Ask HN: How are you preventing runaway LLM workflows in production?

We’ve been pushing LLM backed workflows into production and are starting to run into reliability edges that observability alone doesn’t solve.

Things like:

- loops that don’t terminate cleanly

- retries cascading across tool calls

- cost creeping up inside a single workflow

- agents making technically “allowed” but undesirable calls

Monitoring here is fine. We can see what’s happening. The harder part is deciding where the enforcement boundary actually lives.

Right now, most of our shutdown paths still feel manual, things like feature flags, revoking keys, rate limiting upstream, etc.

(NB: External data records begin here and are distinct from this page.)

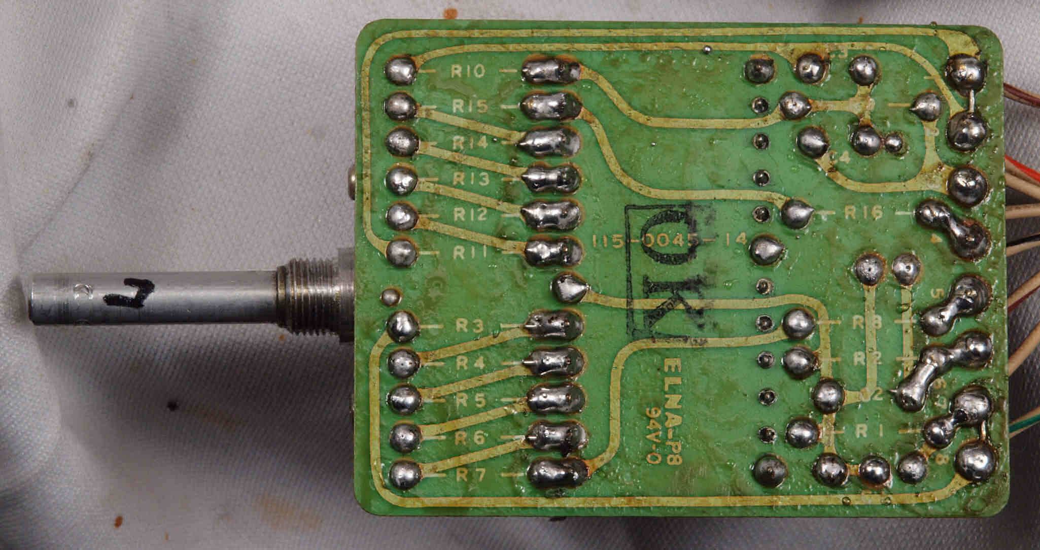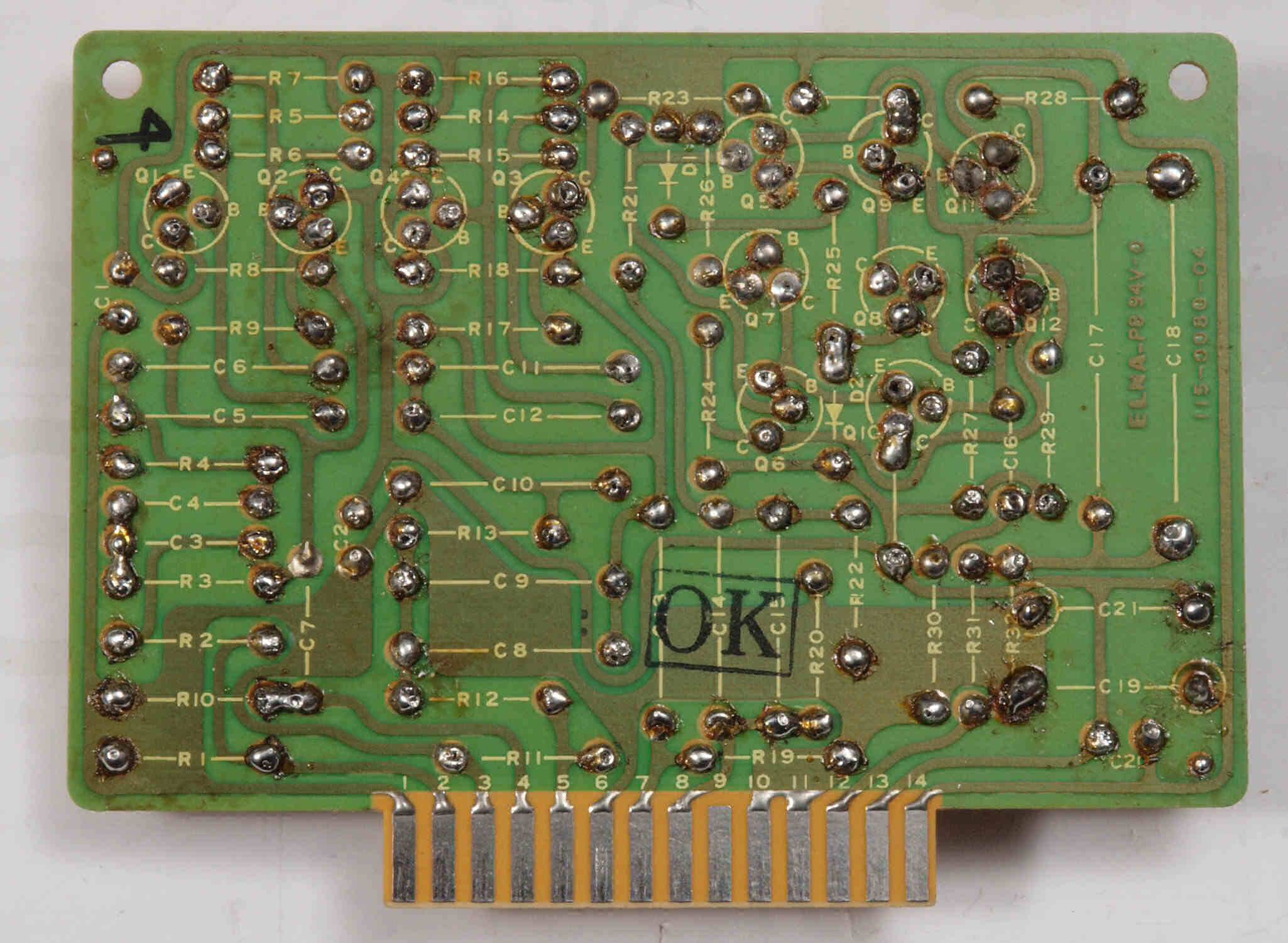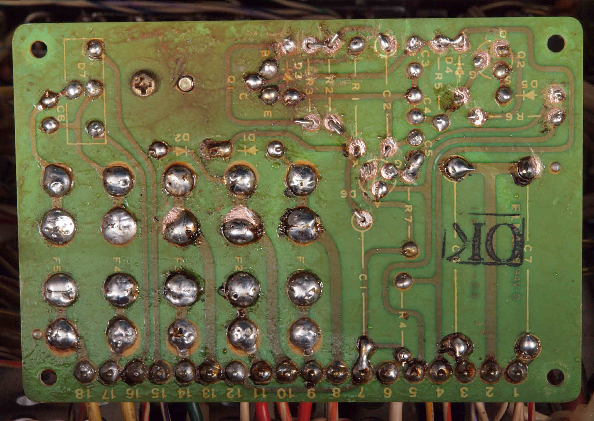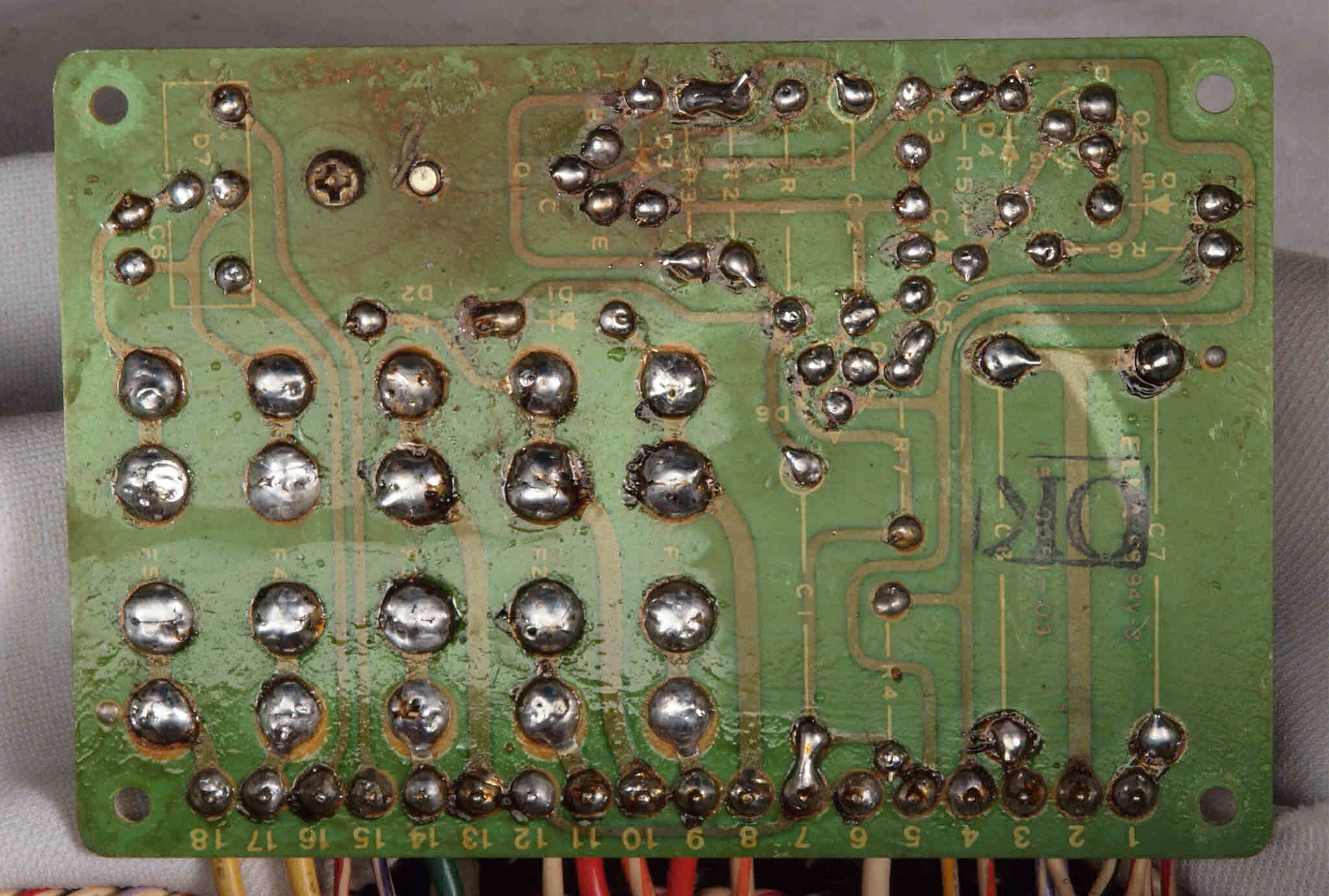 C14. 修理(半田補正)後 R側EQ_AMP基板裏。 半田を全部やり直す。
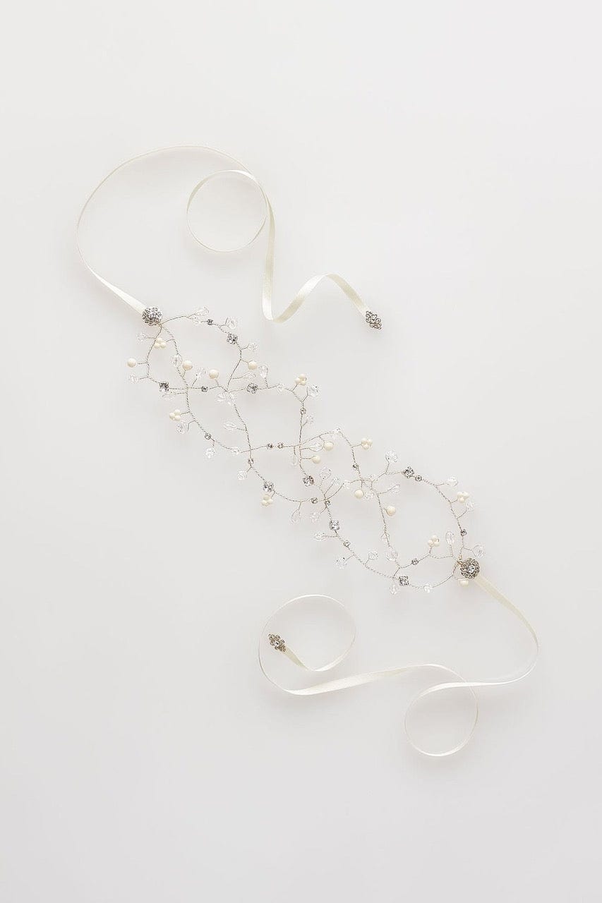 Sara Gabriel Freya Duet is composed of interwoven, flexible metal vines accented with hand-wired sprigs + crystals. Sara Gabriel's "duets" can be tied in your hair, over your forehead, or around your waist for endless styling options.
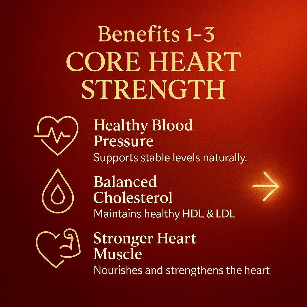Haridyam naturally supports stable blood pressure, balanced cholesterol, and a stronger heart muscle — giving your heart the core strength it needs for long-term health.
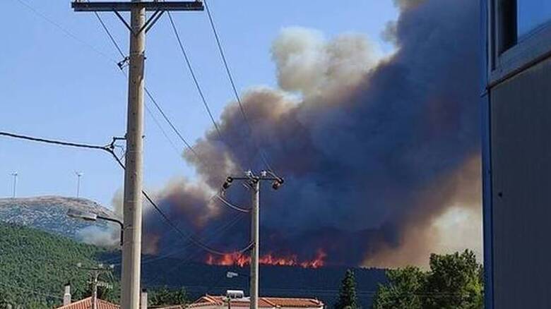 Επί τόπου επιχειρούν 50 πυροσβέστες με 20 οχήματα, δύο ομάδες πεζοπόρο, έξι ελικόπτερα και πέντε αεροσκάφη.
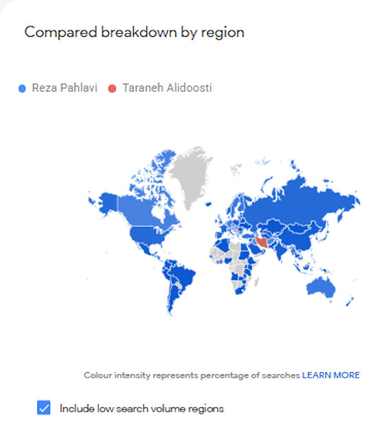 نکته دیگر بنا بر نقشه ایران در نمودار بالا، این که میزان محبوبیت علیدوستی در تمام نقاط ایران بیشتر از رضا پهلوی است، زیرا سراسر نقشه ایران قرمز است. بالعکس، اگر جغرافیای مقایسه از ایران به کل دنیا تغییر داده شود، میزان کنجکاوی در مورد رضا پهلوی در سراسر کشورهای دنیا به جز ایران و صربستان در طی یک ماه گذشته بسیار بیشتر از توجه به علیدوستی بوده است. میزان «محبوبیت» علیدوستی در ایران ۵۶ درصد در مقابل ۴۴ درصد برای رضا پهلوی.
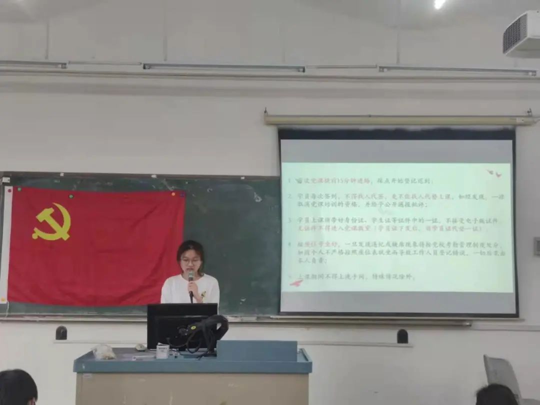 李嘉乐同志在动员大会上强调党课培训的纪律要求和注意事项1、每次党课提前15分钟进场,踩点开始登记迟到;学员每次签到,不得找人代签,更不能找人代替上课,一经发现,一律取消党课培训的资格,公开通报批评;
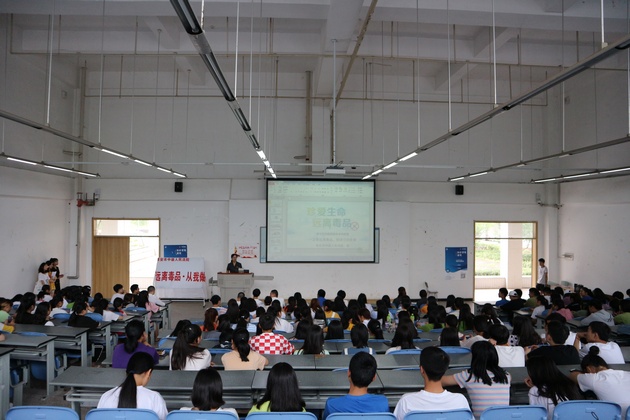 为进一步加大禁毒宣传教育力度,使广大青年员工认清毒品的危害,自觉抵制毒品。6月25日,由太阳集团tyc33455与雅安市中级人民法院联合开展的"6.26"禁毒宣传暨送法进校园活动在青年路校区图阶102顺利开展。雅安市中级人民刑庭法官黄敏应邀开展禁毒宣传专题讲座,200余名师生参与本次活动。

Curious how others are handling these problems in practice:

- What’s your enforcement unit? Tool call, workflow, container, something else?

- Do you have automated kill conditions?

- Did you build this layer internally?

- Did you have to revisit it multiple times as complexity increased?

- Does it get worse as workflows span more tools or services?

Would appreciate any concrete experiences from teams running agents in production. Really just trying to figure out how to scale.

1 point

HenryM12

4 hours ago


1 comment

guerython an hour ago

Plan doc now drives everything. Every request becomes a four-bullet plan (inputs, connectors, guards, metric) before any workflow runs so the agent has a concrete target instead of just questions.

Each connector includes a watcher expecting {status:'ok'}, logs the sessionId, and enforces guard thresholds: retries>3/30s, loop depth>4, or cost>2x baseline. When a guard trips we pause the plan, stream the watcher log to the manual gate, and only let the next run continue after a human approves the diff. That keeps automation fast but keeps the ops team in control.